Den kleinen Leuten – und das ist in Ägypten die Masse – geht durch den fehlenden Tourismus und der schlechten Wirtschaftslage allmählich das Geld aus. In Dahab werden die Kellner kaum mehr bezahlt, Mieten für Geschäfte nicht mehr bezahlt und über die steigenden Lebensmittelpreise wird allerorten gejammert. Ein Kilo Reis kostete bis vor kurzem noch 3,50 ägyptische Pfund, jetzt sind es auf einmal 5 Pfund. Der Gemüsehändler lässt mich für das Kilo Tomaten 5 Pfund zahlen, während er von einem ägyptischen Kunden nur 3 Pfund nimmt. Ich habe beschlossen, mich darüber nicht mehr zu ärgern oder auf mein Recht auf einen gleichen Preis zu bestehen. Ich besitze genug Geld, um mir auch die überteuerten Lebensmittel leisten zu können, ich besitze sogar soviel Geld, dass ich jetzt nach Europa reisen kann, um meine Familie zu besuchen. Der Gemüsehändler hat in seinem Leben niemals die Möglichkeit eine Urlaubsreise nach Europa zu machen. Ich fand es auch in Ordnung, dass ich bei dem Besuch des Taj Mahals in Indien, 500% mehr zahlte als ein indischer Besucher. Zu diesem Zeitpunkt verdiente ich etwa 1000% mehr als ein durchschnittlicher Inder. Es ist gerechtfertigt, dass ich meine „Entwicklungshilfe“ auf diese Weise leiste, auch jetzt in Ägypten.
Für europäische Verhältnisse bin ich eine arme Kirchenmaus, für ägyptische Verhältnisse bin ich wohlhabend. Und so lange ich das bin, folge ich der islamischen Richtlinie, etwas 10% meines Einkommens an Bedürftigere weiterzugeben. Ich würde nicht 50 Pfund für ein Medikament zahlen, von dem ich weiß, dass es nur 2,50 Pfund kostet, so etwas ist hier auch schon vorgekommen. Aber ich erspare mir den Ärger und den Frust, das sonst aus dem Gefühl der Ungerechtigkeit geboren wird, und gebe dem Gemüsehändler, was er verlangt, in der Hoffnung, dass meine finanzielle Unterstützung wenigstens seiner Familie weiterhilft.



Dienstag, 17. Mai 2011
Mulitkulti Kinder in Dahab
In Dahab wächst eine interessante Generation heran. Ich glaube nicht, dass es an einem anderen Ort in Ägypten so viele kulturell gemischte Ehen und Beziehungen gibt wie hier.

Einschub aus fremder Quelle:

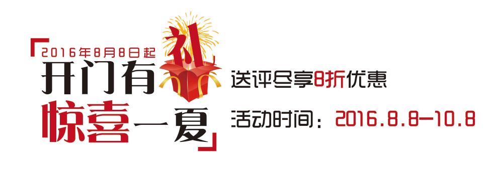 開業酬賓:送評盡享八折優惠,活動時間為2016年8月8日至2016年10月8日。

Der klassische Fall ist eine Europäerin, die hierher auf Urlaub kommt, sich verliebt und der Beziehung wegen nach Dahab zieht. Der größte Anteil der gemischten Ehen ist hier ägyptisch/europäisch, wobei Europäisch sich auch auf weit hinter den Kaukasus bezieht.

Schon etwas ungewöhnlicher sind Ehe zwischen Beduinen und Europäerinnen, doch auch davon gibt es in Dahab mehr als sonst irgendwo. Kinder aus diesen Beziehungen haben es schwer, da die Beduinen-Gesellschaft sie nicht akzeptieren kann. Abstammung und Familienzugehörigkeit sind für die Beduinen sehr wichtig, Mischlingskinder sind folglich"Bastarde", die keine sozial geachtete Stellung erklimmen können.

Damit ist die breite Palette der kulturellen Vermischungen in dieser Kleinstadt von vielleicht 10.000 Menschen bei weitem nicht zu Ende.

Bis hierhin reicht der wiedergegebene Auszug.